Como en la Virgen María, en el seno del
creyente que acoge la palabra del Señor, comienza a gestarse Cristo en una
maternidad espiritual, que se hace plena en el cumplimiento de su voluntad,
dándolo a luz por la caridad. Al mismo tiempo, se recibe la filiación adoptiva
que le hace hermano o hermana de Cristo. Como dice la Escritura: “Grita de gozo
y alborozo, Sión, pues vengo a morar dentro de ti, dice el Señor. «Estos son mi
madre y mis hermanos. Pues todo el que cumpla la voluntad de mi Padre de los
cielos, ése es mi hermano, mi hermana y mi madre.» El Señor
quiere morar en nosotros y nos manifiesta su voluntad para que eso sea posible.
Jesucristo ha venido a unir con los lazos de la fe, en un
mismo espíritu a todos los hombres, para formar la familia de los hijos de
Dios, que conciben, gestan y dan a luz a Cristo. Lo concebimos por la fe, lo
gestamos en la esperanza y lo damos a luz por la caridad.
Por encima de parentescos y patriotismos, Cristo viene a
llamar a toda carne a su hermandad y maternidad; a la filiación adoptiva. Los
lazos de la carne son naturales, mientras los de la fe son sobrenaturales,
vienen del cielo. Cristo, afirma los lazos de la fe, por la que se acoge la
palabra de Dios hecha carne en él, y fructifica en nosotros. Por la fe se
recibe el espíritu de Cristo como verdadero parentesco.

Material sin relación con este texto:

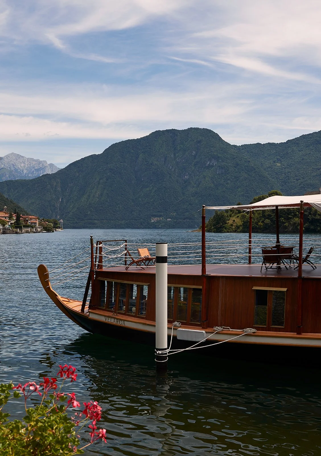 One of the most interesting museums around the lake is La Velarca, a custom-made houseboat designed by the Milanese architecture firm BBPR in 1959, now restored to its original mooring in Ossuccio. The former floating home represents a fusion of modernist design and traditional craftsmanship. Initially, it was commissioned by Fiammetta and Emilio Norsa as a summer retreat.

¿Cómo podría enseñar Cristo que por el Reino hay que dejar
padre y madre si él mismo no lo pusiera en práctica? Por encima del afecto
carnal están los misterios del amor del Padre.
La carne dice: “dichoso
el seno que te llevó”. El Espíritu en cambio dice: “Dichosa tú que has creído”. Dichosos los que han creído, guardado
y visto fructificar en ellos la Palabra hecha carne. Los parientes que
permanecen fuera invocando la carne, no son tan dignos de consideración como
los “extraños”, que dentro, acogen la enseñanza del Hijo, que da paso a una
auténtica maternidad y fraternidad. A esta fe somos llamados también nosotros,
para que podamos dar a luz a Cristo y ser con él hijos de su mismo Padre.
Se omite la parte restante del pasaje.